None of that will change for the 2023 model year. The value proposition will just be refined.
The 2023 Corolla should reach dealerships in the fall. Pricing isn’t out yet, but we expect it to increase from 2022’s $20,425 starting point. Corollas also require a $1,025 delivery fee.
It’s not time for a redesign – this Corolla has only been around for three years – but Toyota has given its compact car a slight visual update. The Corolla comes in sedan and hatchback forms, and they look more alike this year. They now share the same headlight design.
Hatchbacks get a reshaped rear bumper. So does the best-selling LE trim level of the sedan.
New Hybrids, Tighter Steering for Some
Speaking of the LE, it gets a power boost. The Corolla is available with a choice of two gasoline engines: a 1.8-liter 4-cylinder making 139 horsepower, and a more powerful 2.0-liter 4-cylinder making 169. The popular LE got the smaller engine in 2022. It gets the larger one for 2023, meaning only the base L carries the least-powerful mill.
Toyota has also reworked the continuously variable transmission (CVT) of gasoline models to provide a simulated first gear for quicker takeoff.
But the big changes come to the Corolla Hybrid lineup.
In 2022, the Corolla Hybrid came only in the LE trim level and only in front-wheel drive (FWD). But with Americans demanding more fuel-efficient cars, Toyota will offer us a greater choice of hybrid models.
2023 will see four hybrid trim levels – LE FWD, LE all-wheel-drive (AWD), SE FWD, SE AWD, and XLE.
SE models get a bit of sporty spirit. Toyota has dropped the sporty Apex model from the Corolla lineup (unnecessary with the much more capable GR Corolla carrying the lineup’s performance banner). But it’s tighter, more responsive steering rack isn’t gone. It’s now found in the SE Hybrid trims.
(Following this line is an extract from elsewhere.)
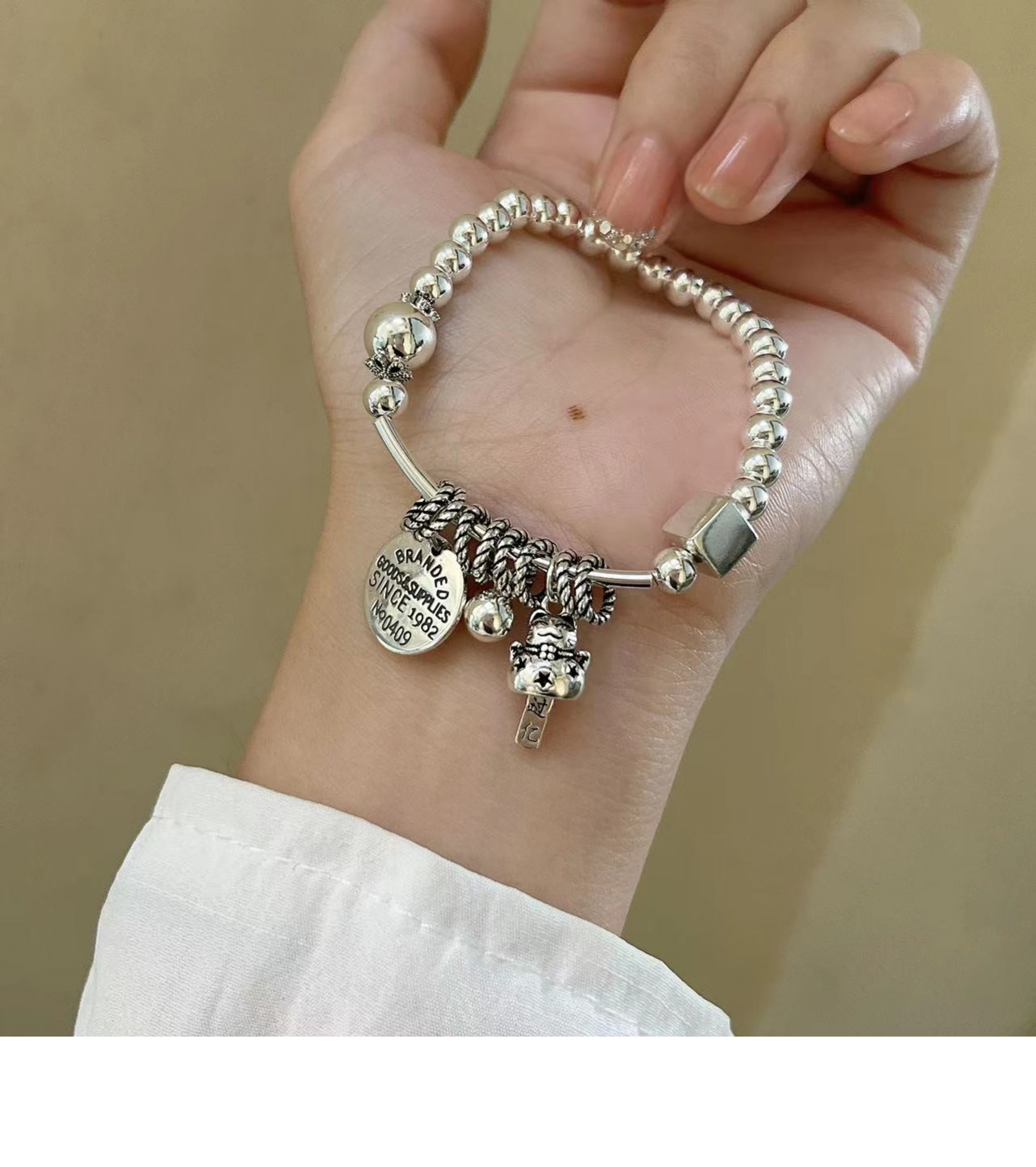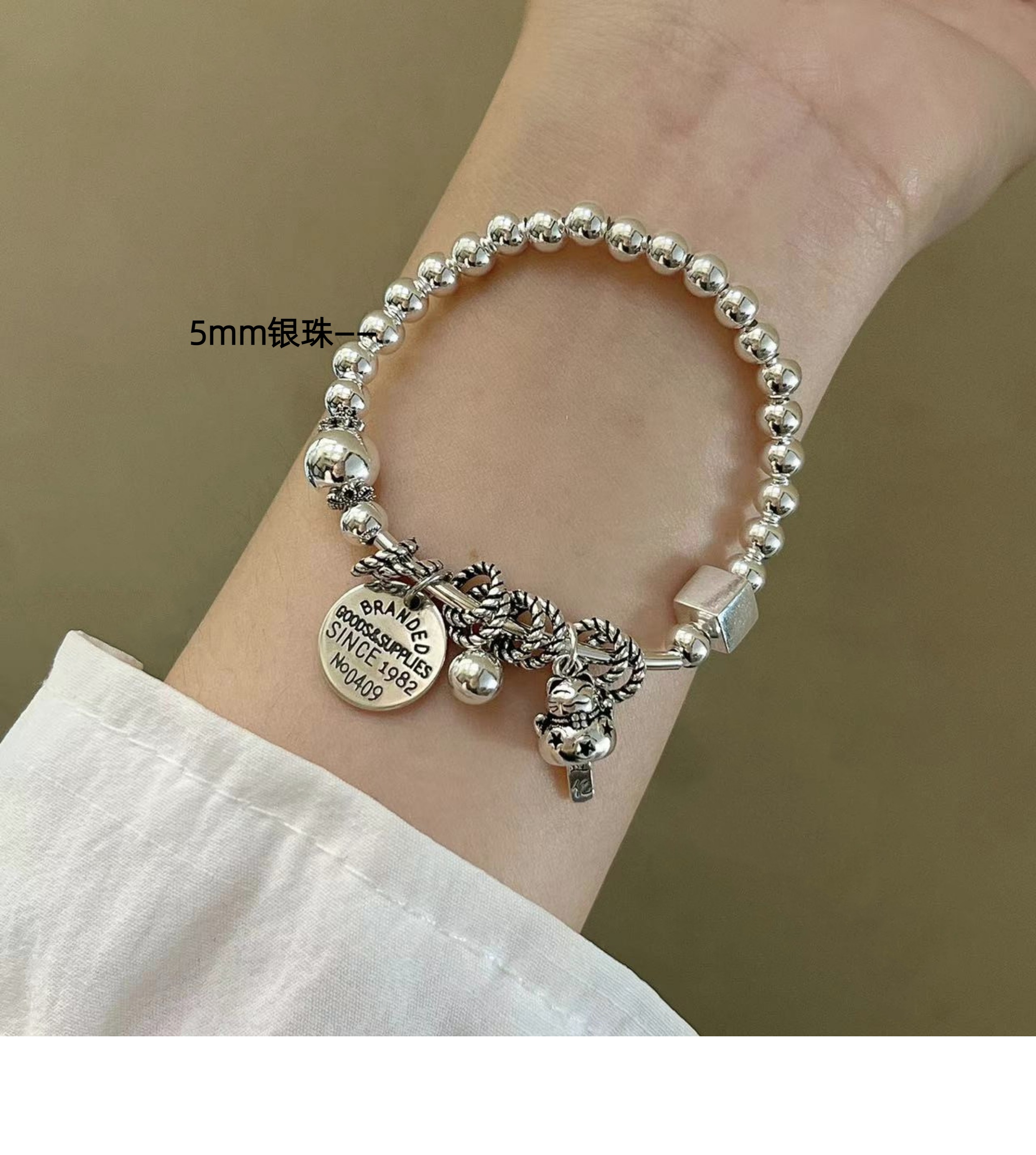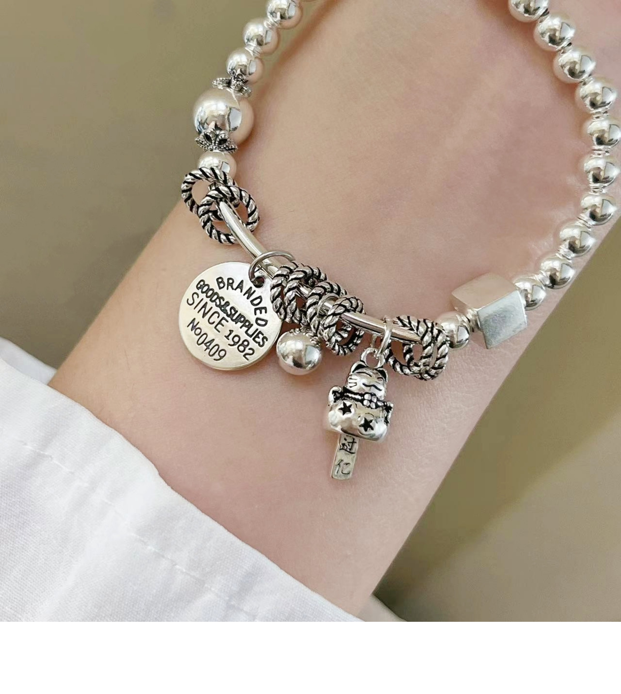 S925 Sterling Silver Vintage Lucky Cat Round Pendant Bracelet for Women, Round Bead Elastic Handmade Single Circle Bracelet, Versatile Birthday Gift

XLE, meanwhile, gets the full near-luxury equipment list.
Improved Safety, Entertainment
All Corollas get Toyota’s standard Safety Sense 3.0 driver assistance package. It includes automatic emergency braking with pedestrian detection, lane-departure warning, adaptive cruise control, traffic sign recognition, and automatic high-beam headlights. Buyers can add parking assistance and new adaptive headlights (recently permitted by federal law, their high beams don’t blind oncoming traffic).
The standard 8-inch infotainment screen can now receive over-the-air updates. That means Toyota can improve software on the fly, adding new features or saving drivers a trip to the dealer for recalls that can be fixed with software patches. Finally, the Corolla now gets Toyota’s natural language speech assistant. That lets drivers adjust climate controls, directions, and other settings with voice commands. You wake it up by saying, “Hey, Toyota.”